1.1 AGENT. For the purposes of this Agreement, "agent" of the
Company means any person who is or was a director or officer of the Company or a
subsidiary of the Company; or is or was serving at the request of, for the
convenience of, or to represent the interest of the Company or a subsidiary of
the Company as a director or officer of another foreign or domestic corporation,
partnership, joint venture, trust or other enterprise or an affiliate of the
Company; or was a director or officer of a foreign or domestic corporation which
was a predecessor corporation of the Company or a subsidiary of the Company, or
was a director or officer of another enterprise or affiliate of the Company at
the request of, for the convenience of, or to represent the interests of such
predecessor corporation. The term "enterprise" includes any employee benefit
plan of the Company, its subsidiaries, affiliates and predecessor corporations.
1.2 EXPENSES. For purposes of this Agreement, "expenses"
includes all direct and indirect costs of any type or nature whatsoever
(including, without limitation, all attorneys' fees and related disbursements
and other out-of-pocket costs) actually and reasonably incurred by the
Indemnitee in connection with the investigation, defense or appeal of a
proceeding or establishing or enforcing a right to indemnification or
advancement of expenses under this Agreement, Section 317 or otherwise;
provided, however, that expenses shall not include any judgments, fines, ERISA
excise taxes or penalties or amounts paid in settlement of a proceeding.

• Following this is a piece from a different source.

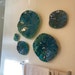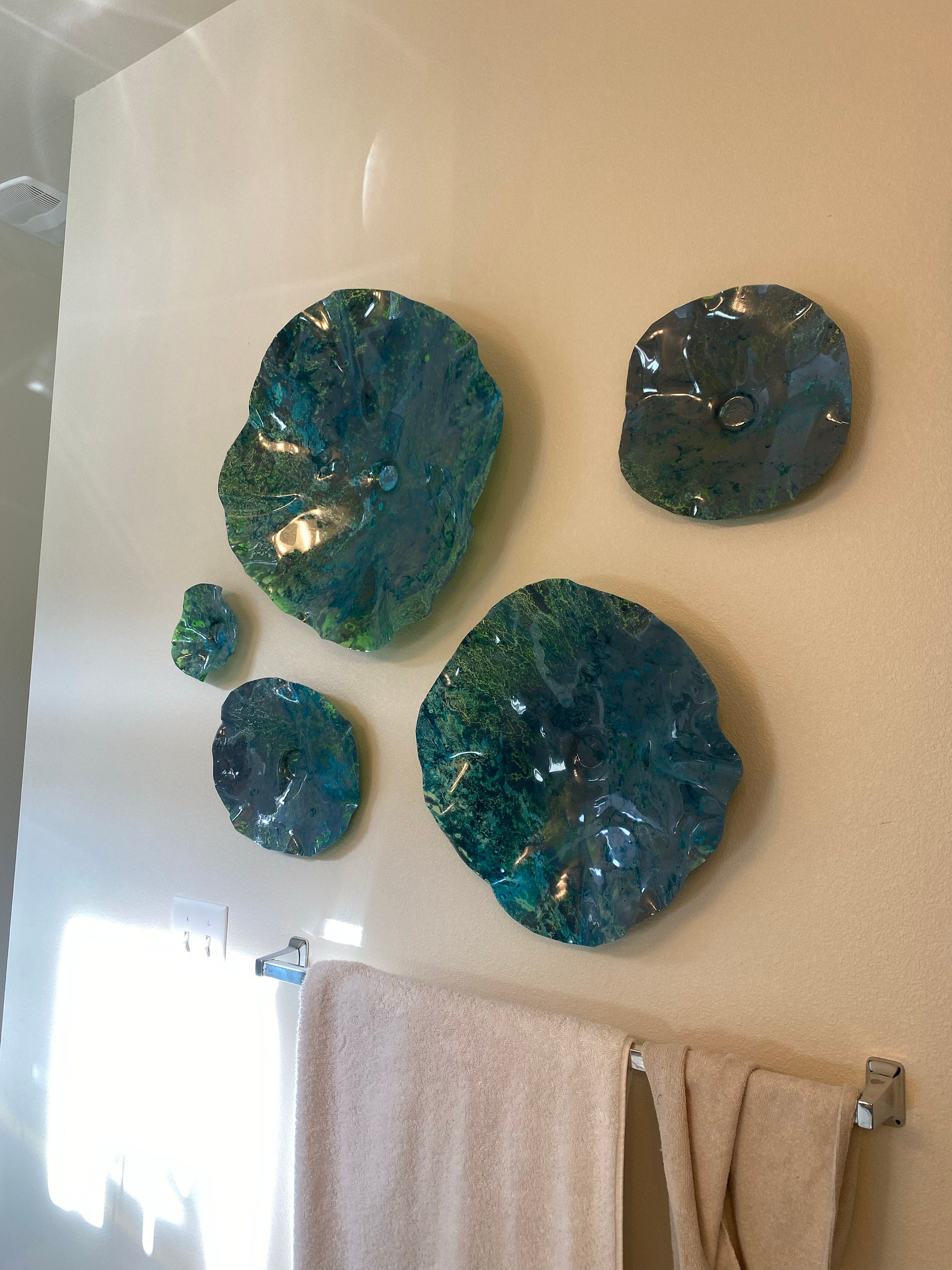 Metallic teal/green/lavender wall flower sculpture 5 handmade beach home decor platter art/eco-friendly plastic looks like glass/ceiling art

1.3 PROCEEDING. For the purposes of this Agreement,
"proceeding" means any threatened, pending, or completed action, suit or other
proceeding, whether civil, criminal, administrative, investigative or any other
type whatsoever.
1.4 SUBSIDIARY. For purposes of this Agreement, "subsidiary"
means any corporation of which more than 50% of the outstanding voting
securities is owned directly or in- directly by the Company, by the Company and
one or more other subsidiaries, or by one or more other subsidiaries.
2. AGREEMENT TO SERVE. The Indemnitee agrees to serve and/or
continue to serve as an agent of the Company, at the will of the Company (or
under separate agreement, if such agreement exists), in the capacity the
Indemnitee currently serves as an agent of the Company, faithfully and to the
best of his ability so long as he is duly appointed or elected and qualified
in accordance with the applicable provisions of the charter documents of the
Company or any subsidiary of the Company; PROVIDED, HOWEVER, that the
Indemnitee may at any time and for any reason resign from such position
(subject to any contractual obligation that the Indemnitee may have assumed
apart from this Agreement) and that the Company or any subsidiary shall have
no obligation under this Agreement to continue the Indemnitee in any such
position.
3. DIRECTORS' AND OFFICERS' INSURANCE. The Company shall, to
the extent that the Board determines it to be economically reasonable,
maintain a policy of directors' and officers' liability insurance ("D&O
INSURANCE"), on such terms and conditions as may be approved by the Board.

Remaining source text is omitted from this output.